Addressing a news conference in Budapest, Hungary’s minister heading the Prime Minister’s office János Lázár said that the government “supports the creation of as many solar power plants in Hungary as possible,” revealing that subsidized loans would be made available to developers or farmers seeking to build solar farms no larger than 500 kW on plots no larger than one hectare.
The state-owned Development Bank, MFB will provide the loans, while the government will relax regulations that currently dictate the narrow parameter for the use of farmland.
Currently, Hungary sources 29% of its power needs from outside its borders, and while 50% of the nation’s power is generated from a single nuclear plant, the government is eager to exert greater autonomy over its energy supply.
Many parts of Hungary’s southeastern regions are prime development spots for solar plants, enjoying excellent levels of solar irradiation, flat terrain and good infrastructure.

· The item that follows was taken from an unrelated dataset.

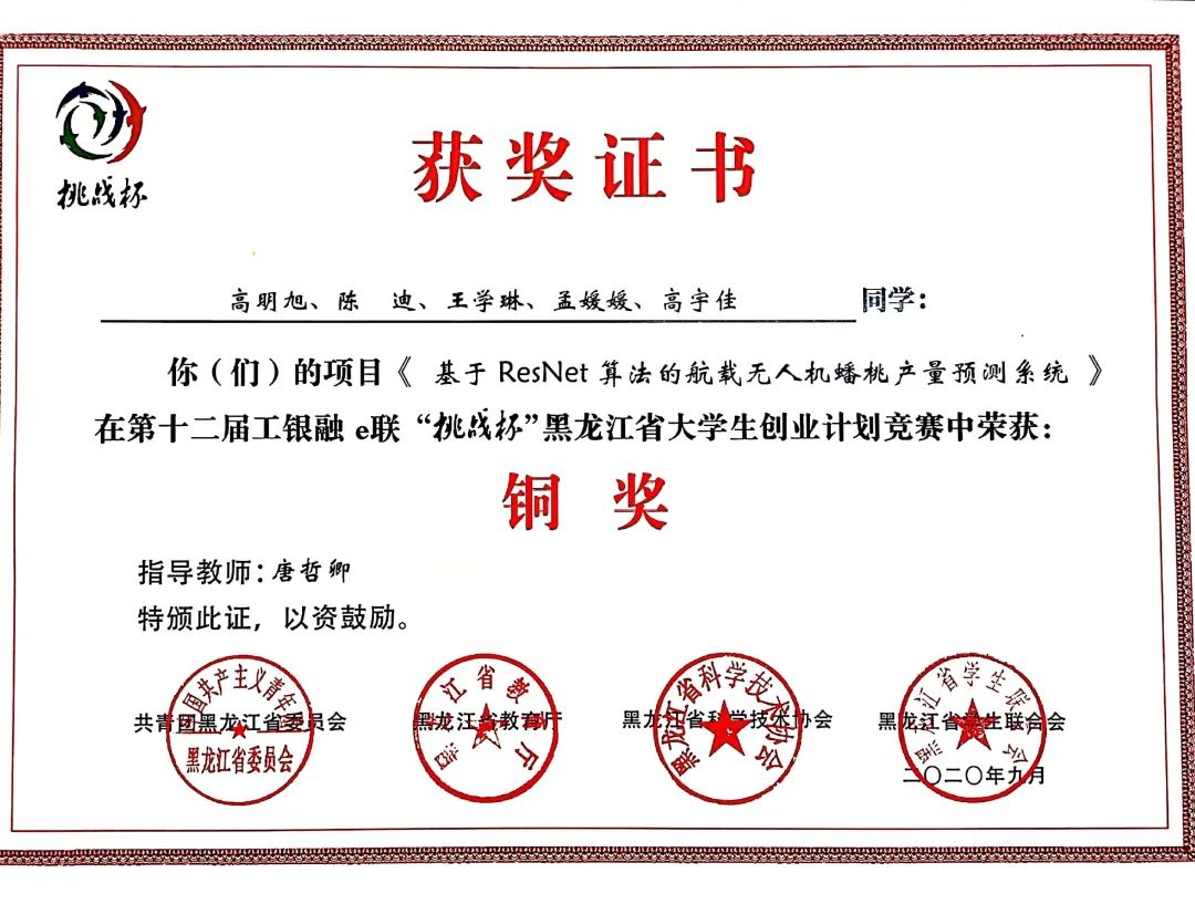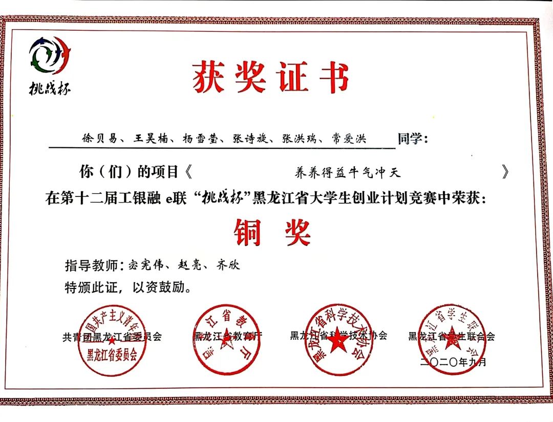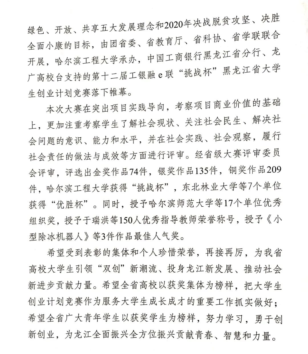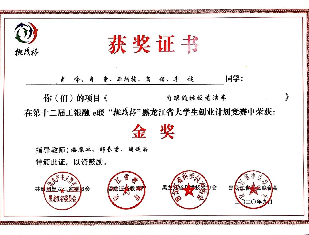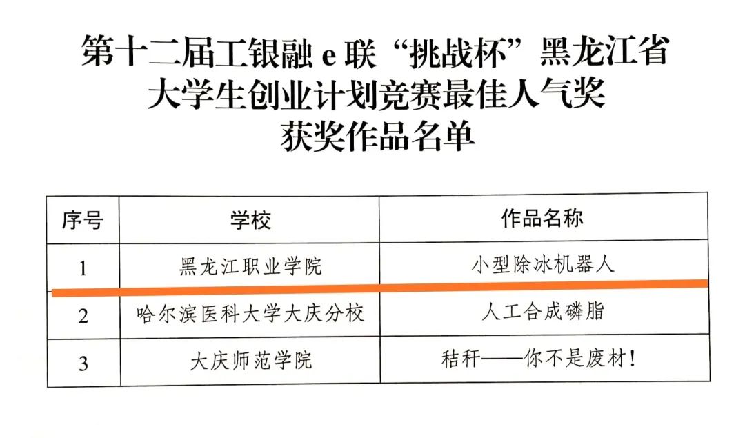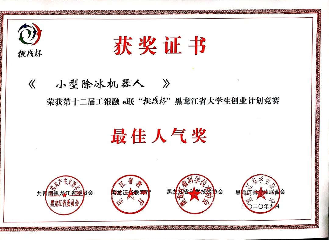 9月8日,团省委、省教育厅、省科学技术协会、省学生联合会联合印发了《关于表彰第十二届工银融e联“挑战杯”黑龙江省大学生创业计划竞赛获奖集体和个人的决定》(黑青联字[2020]13号)文件,在全省各高校209件作品入围决赛的作品中,伟德官网参赛项目荣获大赛金奖4项、银奖2项、铜奖3项,有3项作品被推荐至国赛,由机械工程学院潘胤卓老师指导、肖童同学负责的《小型除冰机器人》项目以总票数排名第一的成绩荣获“最佳人气奖”,伟德官网荣膺大赛“优胜杯”,创造了伟德官网“挑战杯”参赛史最佳成绩。

The government is targeting 14% renewable energy penetration by 2020. According to the European Commission, the nation’s currently generations less than 10% of its electricity from clean sources. Lázár said that some 2,600 solar power plant permits were issued in the second half of 2016, with around half of those currently at various stages of construction.
Last month, the Hungarian government updated its FIT decree to allow some 2 GW of approved renewable projects approved under the scheme – which was closed in mid-2016 – to still be eligible for the FIT provided they are completed before the end of 2018.
Accurate data on Hungary’s cumulative installed PV capacity remains hard to pin down, but estimates provided to pv magazine by the country’s Regional Centre for Energy Policy Research suggest Hungary ended 2016 with around 270 MW of solar capacity installed.